В цехе собирался наконец «решающий» технический совет.

Но не только члены совета и столяры художественной бригады пришли на совет, здесь были рабочие и из других цехов. Судьба новой мебели интересовала многих. Образцы разглядывали. Судили. Спорили.

Тут же с суетливым и едким огоньком в глазах путался Ярыгни. Он сдержанно хвалил мебель рядом с теми, кому она нравилась, и рьяно ругал — шепотком на всякий случай и в самое ухо того, на чьем лице замечал скептическую улыбку.

Больше всех, однако, переживал Саша Лебедь. Встревоженный и настороженный, он бродил среди старших, по многочисленным и не всегда понятным репликам стараясь угадать, что же будет: утвердят или не утвердят? Ворчливые назидания Ильи Тимофеевича, от которых, бывало, румянец конфуза заливал Сашины щеки и по затылку расползались мурашки, припоминались теперь как сущий пустяк в сравнении с этим томительным, волнующим ожиданием. Что-то решат!

Когда образцы наконец утвердили, Саша едва не крикнул «ура», но вовремя спохватился и только радостно потер нос.

Еще недавно, начиная работать в бригаде, Саша боялся: вдруг поручат какое-нибудь малоинтересное дельце вроде приготовления клея или черновой обработки заготовок. Но вышло иначе. Илья Тимофеевич доверил ему очень даже щекотливое дело — подбирать по цвету и слою фанеру, которая шла на облицовку.

— Только не подкачай, смотри, — предупредил Илья Тимофеевич, — а то, худого не скажу, придется тебе обратно подаваться, к ящикам своим в сборочный…

И, несмотря на то, что в прищуренных бригадировых глазах пряталась стариковская хитринка, обличавшая напускную строгость, не подкачать Саша старался изо всех сил.

Очень уж неуверенно чувствовал он себя среди опытных столяров. «Сумею ли и я так-то… хоть когда-нибудь?» Особенно удивляло и восхищало его почти сказочное умение Ильи Тимофеевича чутьем и догадкой проникать в глубину дерева, угадывать самое неожиданное.

Прежде чем пустить в дело какой-нибудь брусок, Илья Тимофеевич вертел его в руках, разглядывал, взвешивал на ладони.
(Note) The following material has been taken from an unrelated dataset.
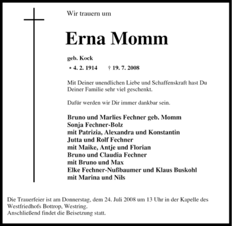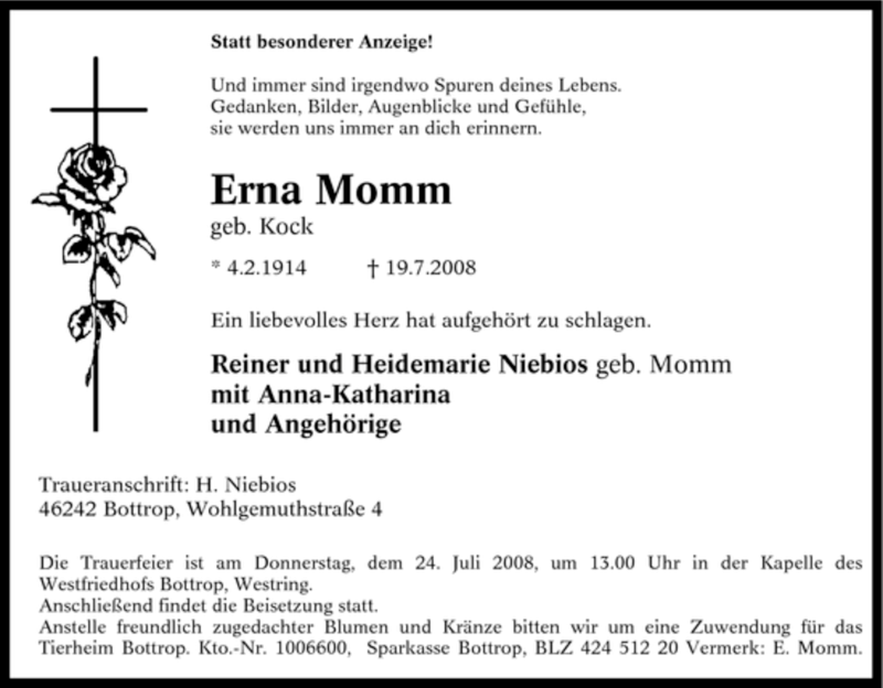 Pflanzen Sie einen Gedenkbaum für Erna Momm

Потом опирал брусок концом о верстак и пробовал, как пружинит, простукивал косточкой полусогнутого пальца, прислушиваясь к чему-то, рассматривал направление слоев. Саша так и ждал, что сейчас его бригадир станет пробовать брусок зубами или лизать. Но Илья Тимофеевич обходился без этого.
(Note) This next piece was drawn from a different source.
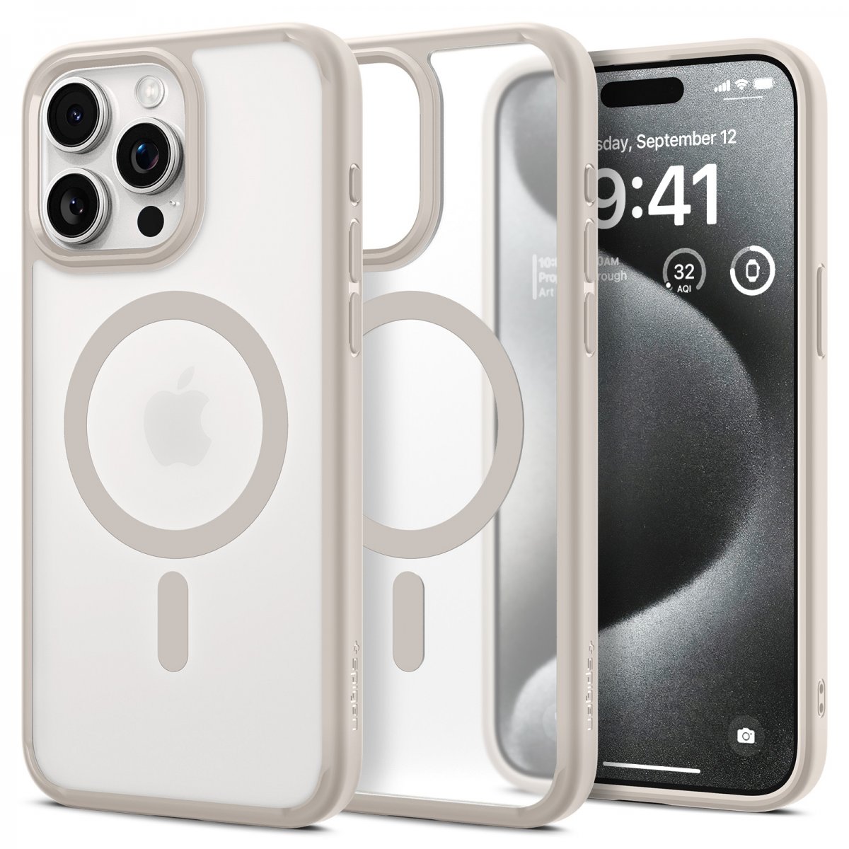 Spigen iPhone 15 Pro Max Skal Ultra Hybrid MagFit Frost Natural Titanium er et grått og gjennomsiktig mobildeksel til iPhone 15 Pro Max.

— Зачем вы так, Илья Тимофеевич? — говорил Саша.

— Зачем? — машинально переспрашивал Илья Тимофеевич и, если исследование таинственных свойств бруска закончено не было, отвечал неопределенно — А вот затем… — Однако после паузы и раздумья смотрел в пытливые карие Сашины глаза и рассказывал: — Зачем, говоришь? А вот зачем. Ты, допустим, человек ученый — и теорию там у вас в ремесленном проходили, и практику, — а вот посмотри да скажи мне: в какую сторону и через сколько дней этот брусок может покоробиться и как его поэтому и куда употребить надо, чтобы без фальши после, а?

Саша прицеливался глазом вдоль кромки бруска, вертел его, вздыхал и конфузился; ответить он не мог.

— Во! — заключал Илья Тимофеевич. — Видишь, браток, без большой-то практики твоя теория пока что невареная похлебка: посуду занимает, а есть нельзя. Вот гляди: тут у бруска кремнинка прошла. Так? Здесь вот позаметнее, а тут поменьше, тут слоек поплотней и гнется в эту сторону иначе. Видал? Вот здесь я его клейком смажу, а на клеек деревце всегда ведет малость. Вот я и гляжу, как мне его повернуть, чтобы напослед, как ни вертело его, как ни коробился, а на свое место встал. Уразумел? В деревце, как в человеке, свой характер. Вот для нас, мастеров, самое первое дело — угадать его, характер этот, да от строптивости уберечь.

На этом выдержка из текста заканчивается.